→ **Your objective**: Omit all pictures, then repeat the listing exactly.

→ **Raw data**:
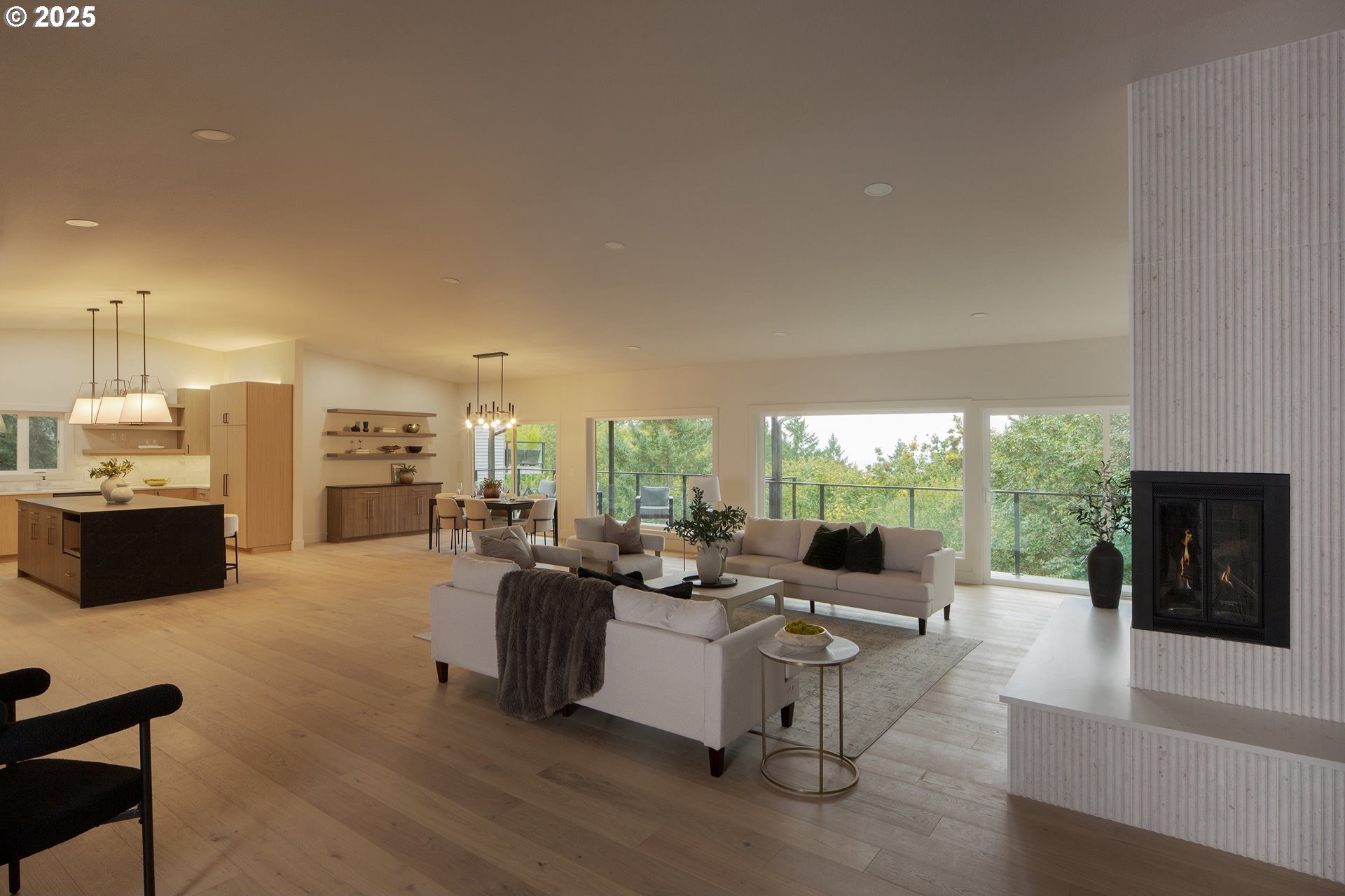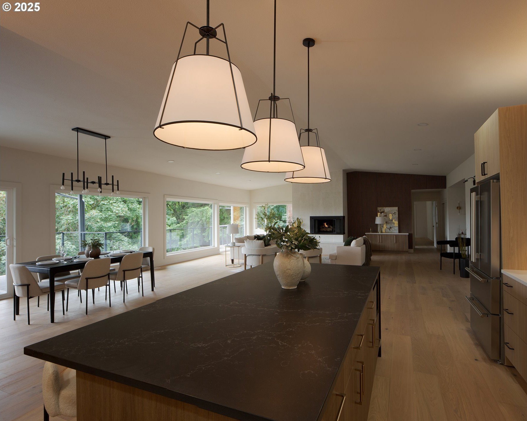 Set above Marquam Nature Park, this home offers privacy, quiet, and horizon views. New remodel in 2025, bringing a fresh perspective to the design while honoring the home’s original feel. The main level opens with vaulted ceilings and hardwood floors that carry through the spacious living room, dining area, and modern kitchen, all filled with natural light. A generous island makes space for conversation while wide glass doors lead to a deck suspended above the forest. Morning coffee, casual dinners, or evenings with friends all seem to belong here. A gas fireplace adds warmth and atmosphere to the living room. The primary suite provides a spa-inspired bath with a walk-in shower, soaking tub, two walk-in closets with built-in storage, and private access to the deck. Downstairs, three bedrooms and a full bath surround a large bonus room ready to become a home theater, game room, or wet bar. A second fireplace here makes the space especially inviting. A walk-in laundry, expansive storage room, and private sauna add thoughtful touches. Outside, a two-level deck extends the living space into the trees. The upper deck frames long views, while the lower places you closer in the canopy. The three-car garage, a rare find in the West Hills, leaves room for more than cars—bikes, tools, and hobbies all have their place. This location combines retreat and connection. Neighborhood schools and shops are nearby, and OHSU is only minutes away. It’s a home that makes both city and nature feel equally close. With its full remodel, open layout, and rare setting above the trees, this property offers a way of living that is both elevated and grounded. A place to gather, to rest, and to step easily between forest paths and city streets. Schedule your private showing today.
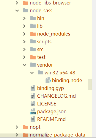 上图node-sass文件夹下,新建 vender 文件夹.然后运行,npm rebuild node-sass --save-dev,之后,查看node-sass文件夹,如下图所示:
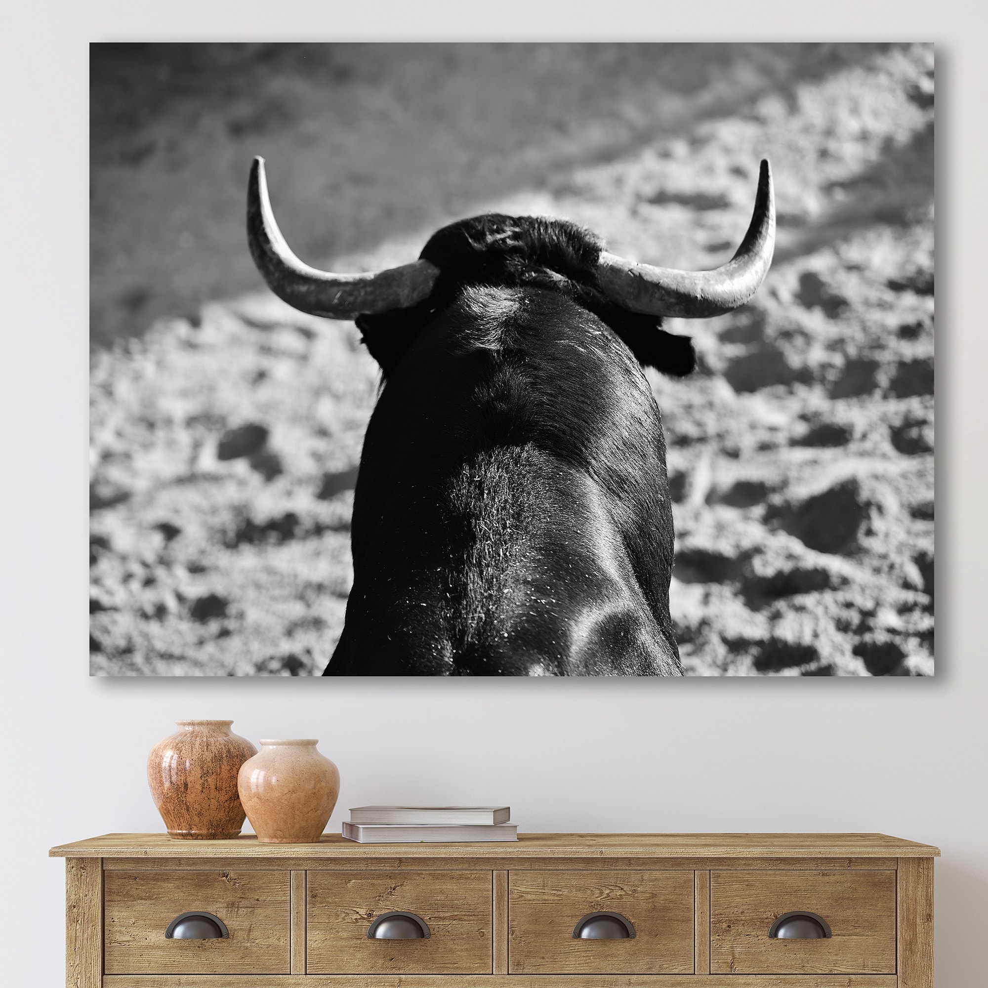 Designart "Monochrome Portrait of a Spanish Bull II" Farmhouse Canvas Wall Art Print
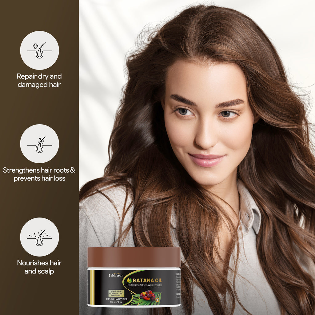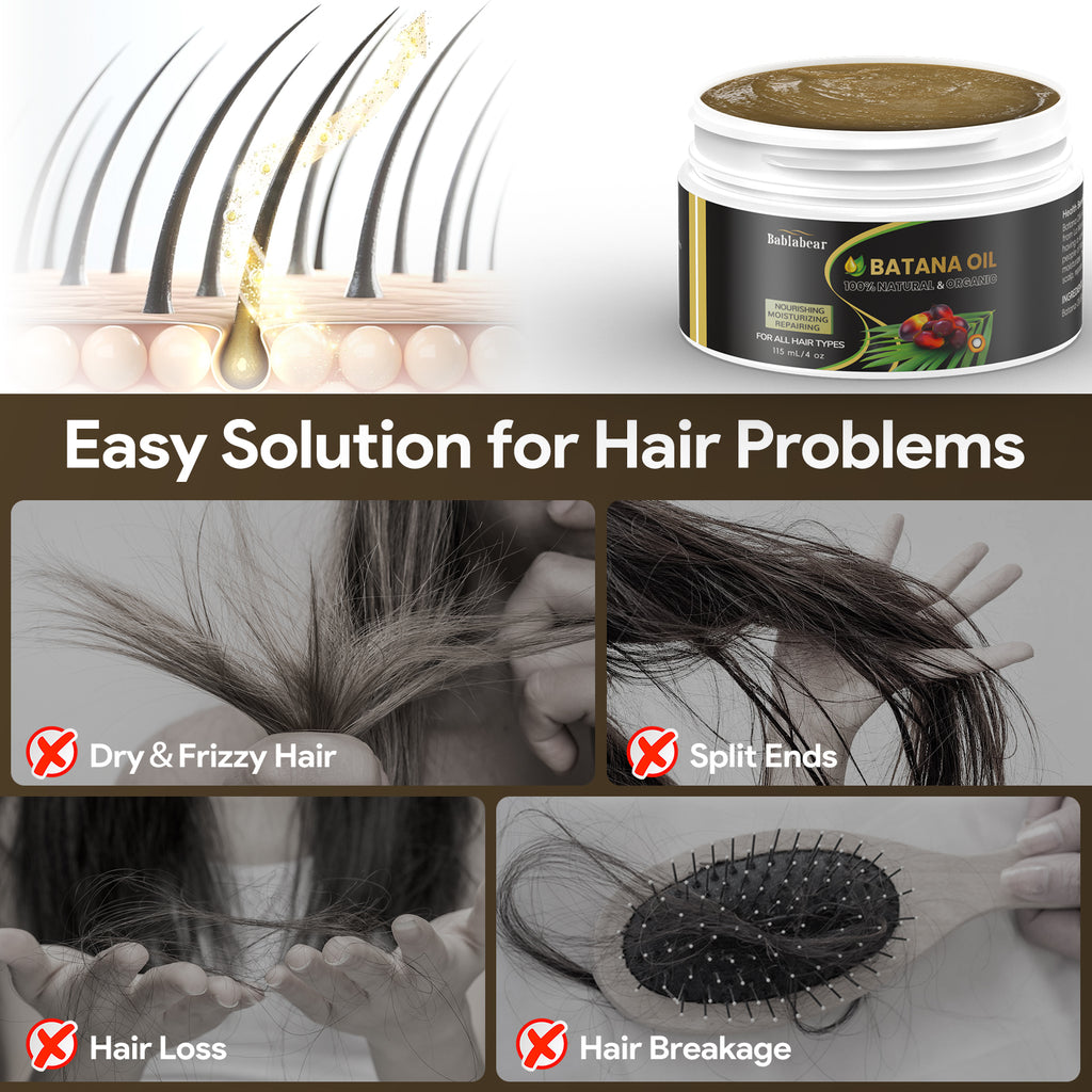 Bablabear Batana Oil for Hair Growth,Natural Organic Hair Oil Repairs Damaged Hair,Enhances Hair Thickness,Eliminates Split Ends,Prevents Loss for Men & Women.

→ **Exercise output**:
 Set above Marquam Nature Park, this home offers privacy, quiet, and horizon views. New remodel in 2025, bringing a fresh perspective to the design while honoring the home’s original feel. The main level opens with vaulted ceilings and hardwood floors that carry through the spacious living room, dining area, and modern kitchen, all filled with natural light. A generous island makes space for conversation while wide glass doors lead to a deck suspended above the forest. Morning coffee, casual dinners, or evenings with friends all seem to belong here. A gas fireplace adds warmth and atmosphere to the living room. The primary suite provides a spa-inspired bath with a walk-in shower, soaking tub, two walk-in closets with built-in storage, and private access to the deck. Downstairs, three bedrooms and a full bath surround a large bonus room ready to become a home theater, game room, or wet bar. A second fireplace here makes the space especially inviting. A walk-in laundry, expansive storage room, and private sauna add thoughtful touches. Outside, a two-level deck extends the living space into the trees. The upper deck frames long views, while the lower places you closer in the canopy. The three-car garage, a rare find in the West Hills, leaves room for more than cars—bikes, tools, and hobbies all have their place. This location combines retreat and connection. Neighborhood schools and shops are nearby, and OHSU is only minutes away. It’s a home that makes both city and nature feel equally close. With its full remodel, open layout, and rare setting above the trees, this property offers a way of living that is both elevated and grounded. A place to gather, to rest, and to step easily between forest paths and city streets. Schedule your private showing today.
 上图node-sass文件夹下,新建 vender 文件夹.然后运行,npm rebuild node-sass --save-dev,之后,查看node-sass文件夹,如下图所示:
 Designart "Monochrome Portrait of a Spanish Bull II" Farmhouse Canvas Wall Art Print
 Bablabear Batana Oil for Hair Growth,Natural Organic Hair Oil Repairs Damaged Hair,Enhances Hair Thickness,Eliminates Split Ends,Prevents Loss for Men & Women.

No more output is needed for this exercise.